4x−y+2z=11
x+2y−z=−1
2x+2y−3z=−1
can someone help me find x,y,z, I have tried isolation but i cant seem to get it
never mind guys i got it cuz im smart and i never give up.
I would use elimination, especially after looking at the y terms
#3 - #2: x - 2z= 0 , so we already know z = 2y
#1 times 2 : 8x - 2y + 4z = 22
original #2 as is: x + 2y - z = -1
add them:
9x + 3z = 21
or
3x + z = 7
double this: 6x + 2z = 14
using with : x - 2z = 0
add them
7x = 14
x = 2
in 3x+z=7 ----> 6+z=7
z = 1
in the original #2:
x+2y-z=-1
2+2y-1=-1
2y=-2
y=-1
x=2 , y=-1, z=1
The above solution is not unique.
Other than choosing the y's, there was really no plan, you just sort of go with the flow.

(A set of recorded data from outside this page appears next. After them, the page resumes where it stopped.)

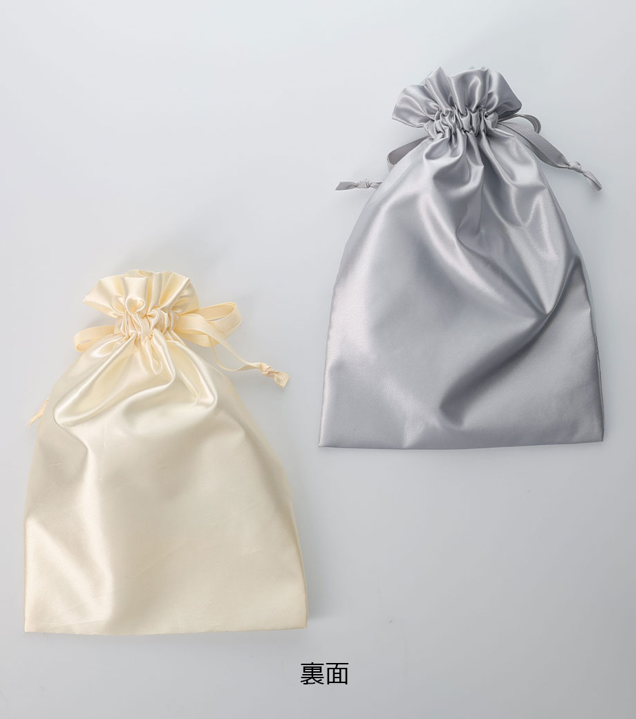 表面下部のサテン生地には名入れが可能で、ショップやブランドロゴを入れたオリジナル巾着を作成できます。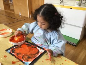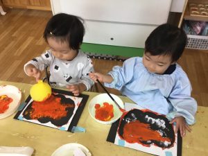 来週のハロウィンに向けて今日はかぼちゃの絵の具製作を行いました。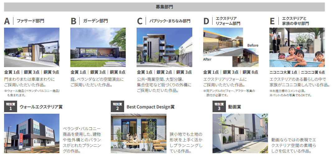 2025年の募集部門は、「ファサード部門」、「ガーデン部門」、「パブリック・まちなみ部門」、「エクステリア リフォーム部門」、そしてエクステリアのある暮らしの中でお施主さまやご家族が楽しんでいる写真を応募いただく「エクステリアと家族の幸せ部門」の計5部門です。

To solve the system of equations, you can use a method called "Gaussian elimination" or "row reduction." This involves performing operations on the equations to get them into a simplified form that reveals the values of x, y, and z.
Let's start by expressing the system of equations in matrix form:
[A] * [X] = [B]
where [A] is the coefficient matrix, [X] is the column matrix of the variables (x, y, z), and [B] is the constant matrix.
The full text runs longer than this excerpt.